Mouse preosteoblast cells (MC3T3-E1, ATCC, Manassas, VA, USA) cultured in α-minimal essential medium containing 10% fetal bovine serum and 1% penicillin/streptomycin were also seeded on the sterilized specimens in the 12-well plates. After 4 and 7 days of culture, MTT assays were performed as described above. The negative controls were prepared by culturing the cells without specimens and the absorbance values were expressed as a percentage of the controls.
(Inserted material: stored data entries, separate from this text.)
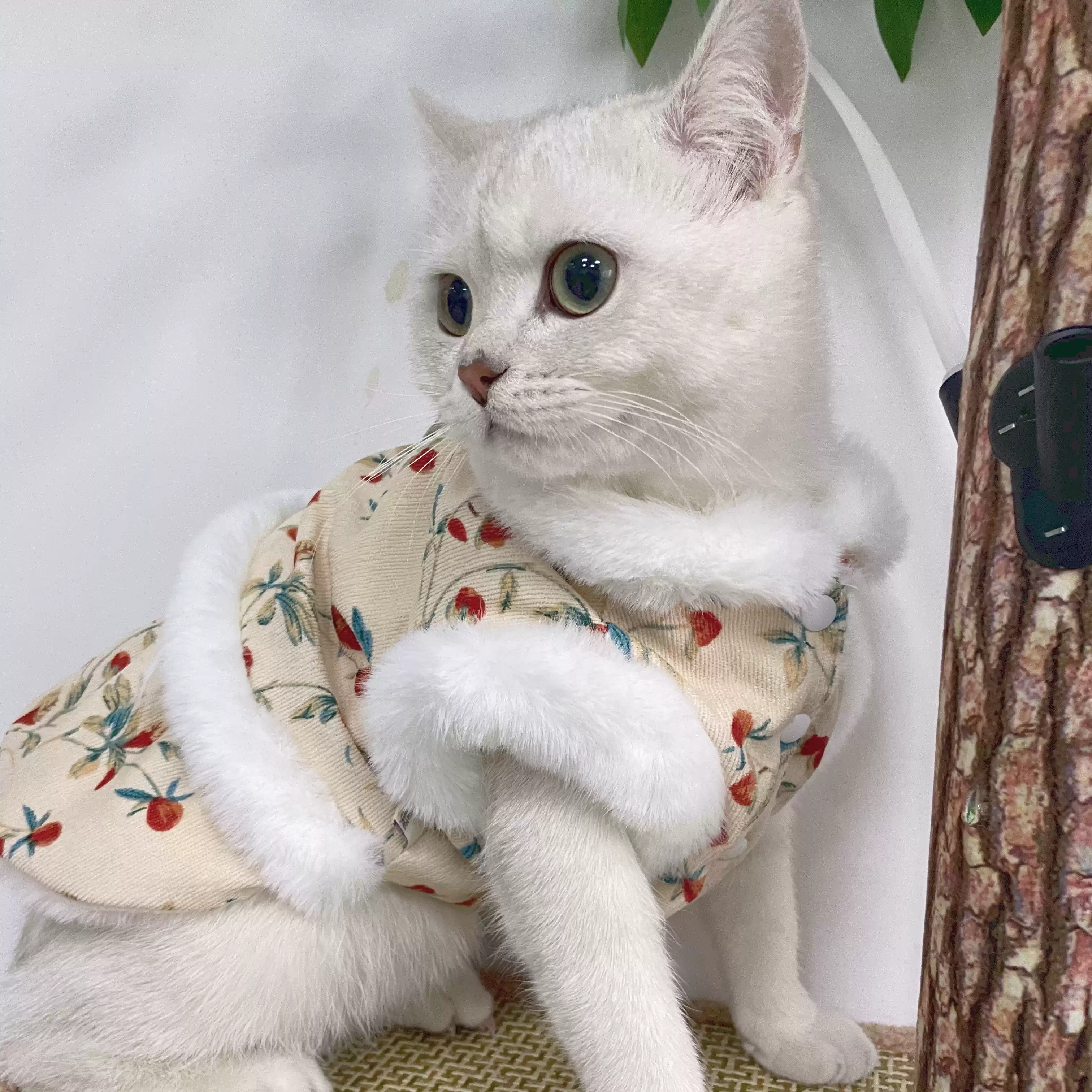 New Autumn/Winter Fleece-Lined Floral New Year Dress for Dogs & Cats (Leash-Compatible)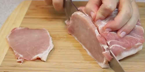 Корейку наріжте на відбивні середньої товщини 5-7 мм, буде достатньо.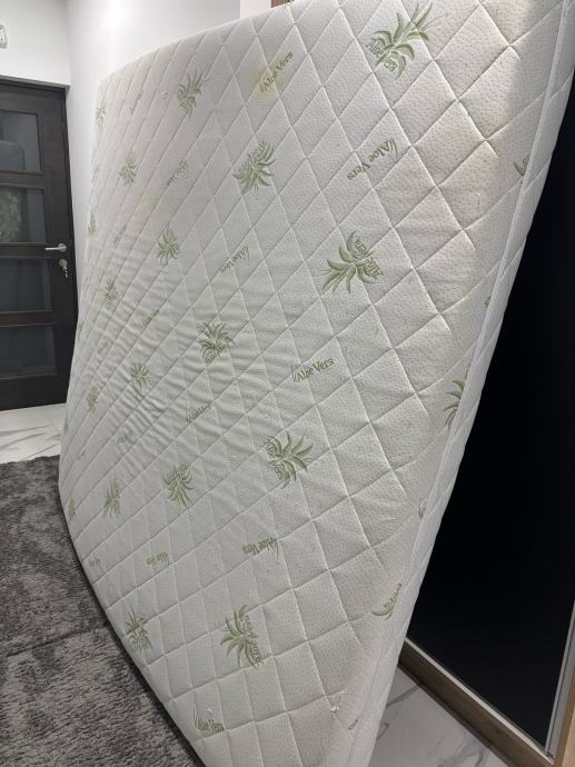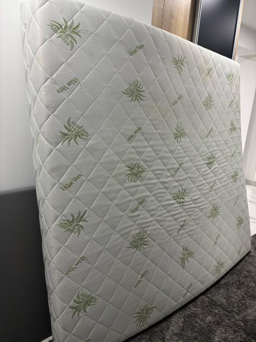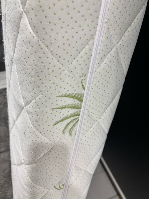 Prodajem madrac dimenzija 180x200 cm s memory pjenom i aloe vera presvlakom. Presvlaka je bijele boje s karakterističnim zelenim uzorkom aloe vera motiva, prošivena u dijamantni uzorak. Sa strane se nalazi zip koji omogućuje skidanje i pranje presvlake. Madrac je namijenjen bračnom ležaju standardnih dimenzija. Presvlaku je potrebno oprati, može se prati u perilici. Jedna strana madraca je tvrđa druga mekša. Mekša strana nekorištena i nova.

The Shapiro–Wilk test was used to assess the normality of variables and the Levene’s test was performed to assess the equality of variances. Since the results showed non-normal distribution of the measurement values, the comparison of the biofilm formation and cell proliferation between silver-coated and uncoated surfaces of each material was carried out using the Mann–Whitney U test. Version 26.0 of the IBM SPSS Statistics (IBM Corp., Armonk, NY, USA) software was used for all statistical analyses, and the level of significance was set at 0.05.